Clinicopathological Manifestations and Immune Phenotypes in Adult-Onset Immunodeficiency with Anti-interferon-γ Autoantibodies

免疫学 免疫系统 细胞因子 生物 免疫缺陷 干扰素γ 自身抗体 免疫分型 人口 医学 流式细胞术 抗体 环境卫生
作者
Yi‐Chun Chen,Shao‐Wen Weng,Jing-Ya Ding,Chen‐Hsiang Lee,Cheng‐Lung Ku,Wen-Chi Huang,Huey-Ling You,Wan‐Ting Huang
出处
期刊:Journal of Clinical Immunology [Springer Science+Business Media]

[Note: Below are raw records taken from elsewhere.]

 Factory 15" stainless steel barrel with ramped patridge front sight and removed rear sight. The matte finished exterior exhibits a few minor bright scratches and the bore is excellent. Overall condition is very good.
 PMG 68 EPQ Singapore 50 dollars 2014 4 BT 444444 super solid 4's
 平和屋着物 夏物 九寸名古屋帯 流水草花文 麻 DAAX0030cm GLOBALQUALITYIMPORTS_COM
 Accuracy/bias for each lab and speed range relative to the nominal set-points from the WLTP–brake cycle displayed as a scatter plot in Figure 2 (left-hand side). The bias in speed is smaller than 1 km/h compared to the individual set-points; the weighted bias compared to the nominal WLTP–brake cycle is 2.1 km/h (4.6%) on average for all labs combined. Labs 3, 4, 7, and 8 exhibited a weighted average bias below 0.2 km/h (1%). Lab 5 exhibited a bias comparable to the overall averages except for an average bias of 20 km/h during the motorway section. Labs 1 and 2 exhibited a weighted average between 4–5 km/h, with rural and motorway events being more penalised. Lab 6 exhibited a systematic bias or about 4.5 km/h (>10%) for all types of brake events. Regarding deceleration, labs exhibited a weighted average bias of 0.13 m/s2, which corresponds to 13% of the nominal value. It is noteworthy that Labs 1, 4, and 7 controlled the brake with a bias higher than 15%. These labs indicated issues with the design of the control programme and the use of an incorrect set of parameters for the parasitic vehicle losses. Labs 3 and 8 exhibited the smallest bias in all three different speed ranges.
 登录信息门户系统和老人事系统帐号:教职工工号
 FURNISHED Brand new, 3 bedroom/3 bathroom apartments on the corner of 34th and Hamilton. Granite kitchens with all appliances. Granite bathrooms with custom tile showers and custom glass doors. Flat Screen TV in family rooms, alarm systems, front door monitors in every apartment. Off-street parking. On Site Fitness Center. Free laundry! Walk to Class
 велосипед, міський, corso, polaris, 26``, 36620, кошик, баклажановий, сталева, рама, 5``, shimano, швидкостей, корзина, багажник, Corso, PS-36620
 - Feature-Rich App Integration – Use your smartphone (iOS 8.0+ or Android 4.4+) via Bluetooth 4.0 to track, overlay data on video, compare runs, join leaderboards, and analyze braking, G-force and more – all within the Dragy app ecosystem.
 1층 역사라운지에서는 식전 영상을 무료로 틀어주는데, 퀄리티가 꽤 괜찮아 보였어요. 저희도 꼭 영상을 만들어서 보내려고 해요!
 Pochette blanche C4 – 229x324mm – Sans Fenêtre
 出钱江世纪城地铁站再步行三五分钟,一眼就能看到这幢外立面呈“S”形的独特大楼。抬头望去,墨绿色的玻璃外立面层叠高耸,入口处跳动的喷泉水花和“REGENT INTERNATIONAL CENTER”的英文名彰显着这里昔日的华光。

卷期号:42 (3): 672-683 被引量:12
标识
DOI:10.1007/s10875-022-01210-y
摘要

Anti-interferon (IFN)-γ autoantibodies (anti-IFN-γ Abs) is an emerging adult-onset immunodeficiency syndrome. Immune dysfunction in this distinct disorder remains to be clarified. We prospectively collected blood samples of 20 patients with anti-IFN-γ Abs and 40 healthy normal subjects. The percentages of lymphocyte subpopulations, most relevant to T, B, and NK cells, and the percentages of stimulated lymphocytes with cytokine production were assessed using eight-color flow cytometry. The results were adjusted to age and absolute lymphocyte counts. Most (85%) patients presented nontuberculous mycobacterial infection. Skin lesions were predominantly manifested by neutrophilic dermatoses. The involved lymph nodes had granulomatous inflammation, except 22.2% showing atypical lymphoid hyperplasia without granuloma formation. The percentages of CD4 + T cells and nonactivated subpopulations (recent thymic emigrants and naïve subtypes) decreased significantly with increased expression of activation markers and polarization to differentiated cells. The percentage of NK cells increased, but that of two major NK subpopulations, CD161 + CD56bright and CD161 + CD56 + CD16 + subsets, decreased. Increased CD161dim, CD161 + CD56 − CD16 + , and CD57 + NK cell subsets coupled with the decreased expression of NKp30 and NKp46 indicate reconfiguration of the NK cell population and acquisition of adaptive features. Intracellular cytokine production of the lymphocyte subpopulations was significantly low in the patients compared with the control group. We conclude that the immune system in patients with anti-IFN-γ Abs could be exhausted in T cells and be adaptive in NK cells, contributing to the distinct clinicopathologic features.